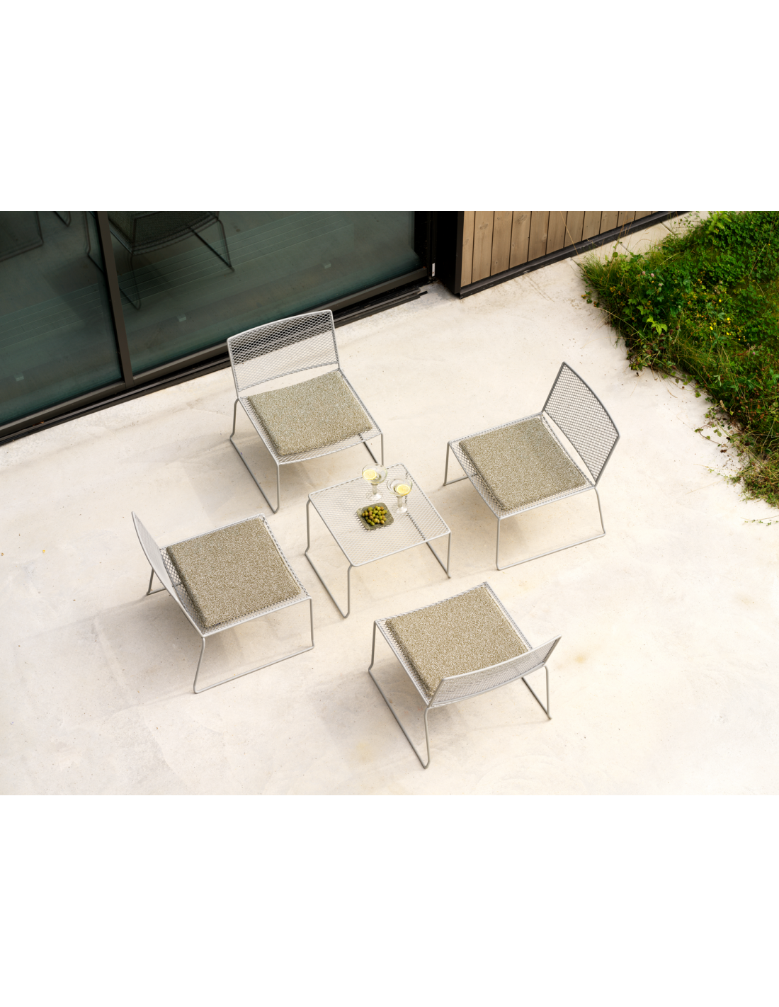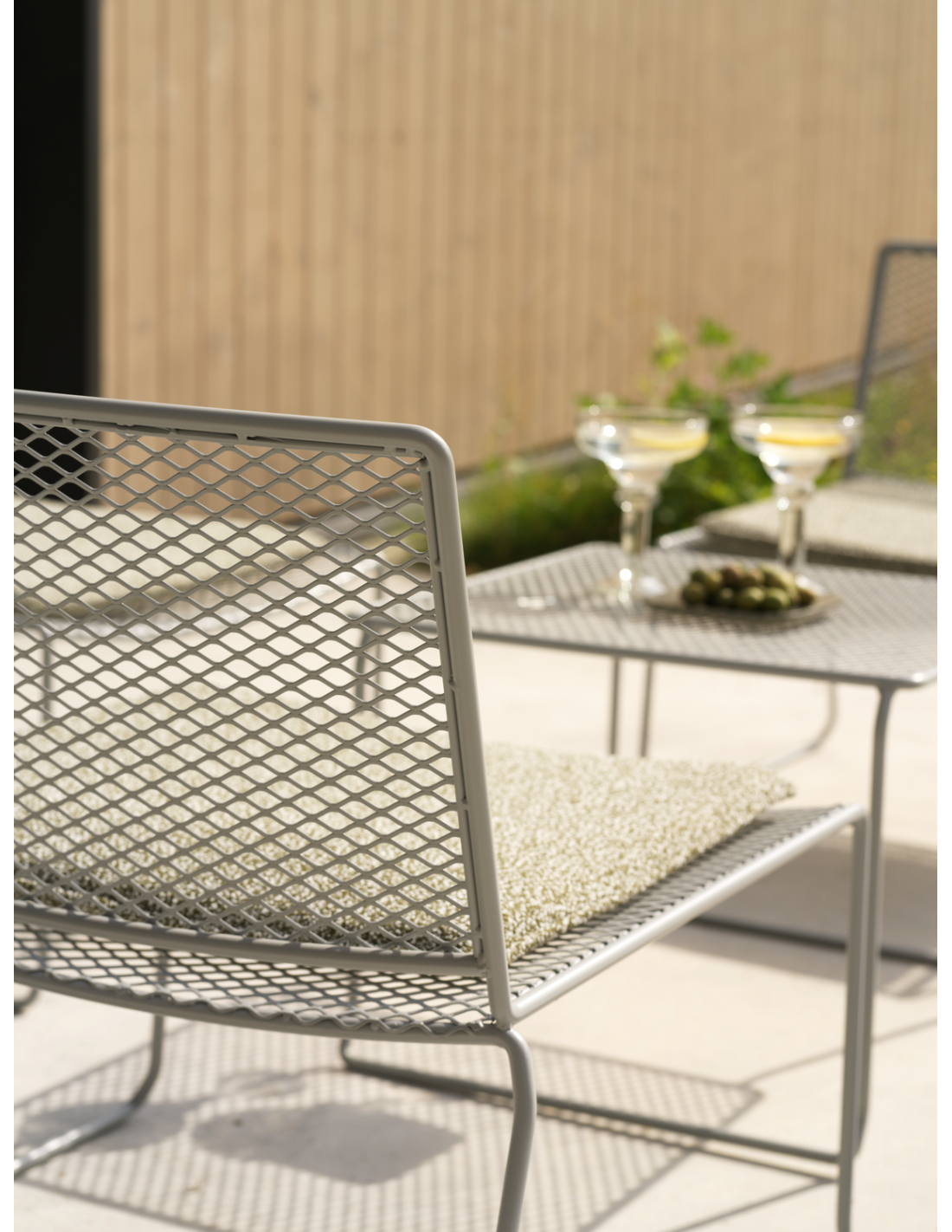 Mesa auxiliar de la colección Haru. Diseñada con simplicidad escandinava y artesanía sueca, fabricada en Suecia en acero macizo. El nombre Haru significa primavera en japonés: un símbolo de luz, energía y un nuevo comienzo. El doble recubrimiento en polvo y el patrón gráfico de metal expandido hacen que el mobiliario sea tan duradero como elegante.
* * *
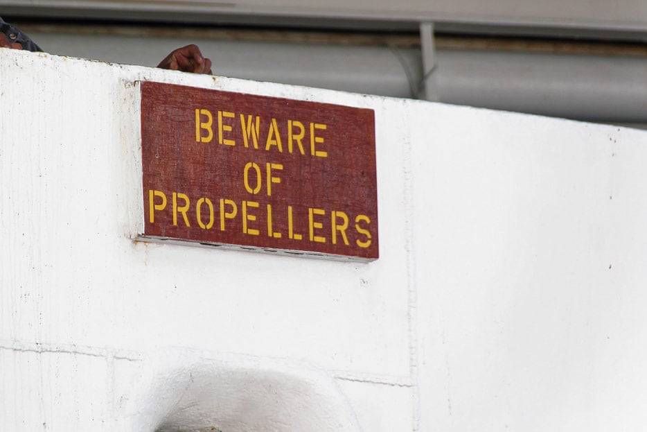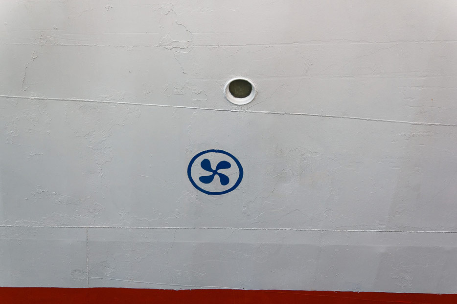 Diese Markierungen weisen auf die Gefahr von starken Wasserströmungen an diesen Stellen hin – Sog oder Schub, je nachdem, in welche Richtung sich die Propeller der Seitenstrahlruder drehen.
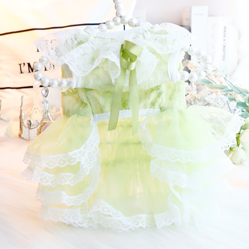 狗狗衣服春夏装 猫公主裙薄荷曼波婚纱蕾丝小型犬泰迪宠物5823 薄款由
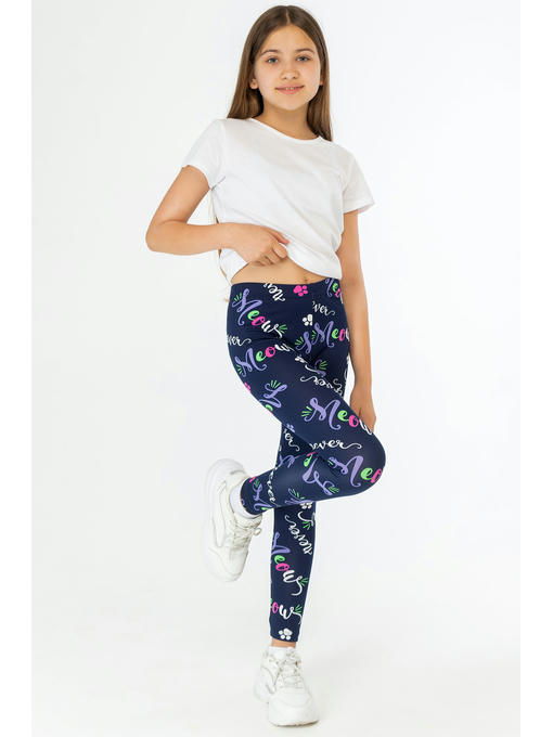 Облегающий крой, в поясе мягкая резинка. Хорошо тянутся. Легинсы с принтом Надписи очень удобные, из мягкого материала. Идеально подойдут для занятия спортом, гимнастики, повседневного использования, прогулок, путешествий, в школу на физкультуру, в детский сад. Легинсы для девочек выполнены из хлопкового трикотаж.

• _Task brief_: The reply should hold exactly the lines above, starting at the line with "Diese Markierungen weisen" and ending at the line with "狗狗衣服春夏装 猫公主裙薄荷曼波婚纱蕾丝小型犬泰迪宠物5823 薄款由", and no pictures.

• _Response below_:
 Diese Markierungen weisen auf die Gefahr von starken Wasserströmungen an diesen Stellen hin – Sog oder Schub, je nachdem, in welche Richtung sich die Propeller der Seitenstrahlruder drehen.
 狗狗衣服春夏装 猫公主裙薄荷曼波婚纱蕾丝小型犬泰迪宠物5823 薄款由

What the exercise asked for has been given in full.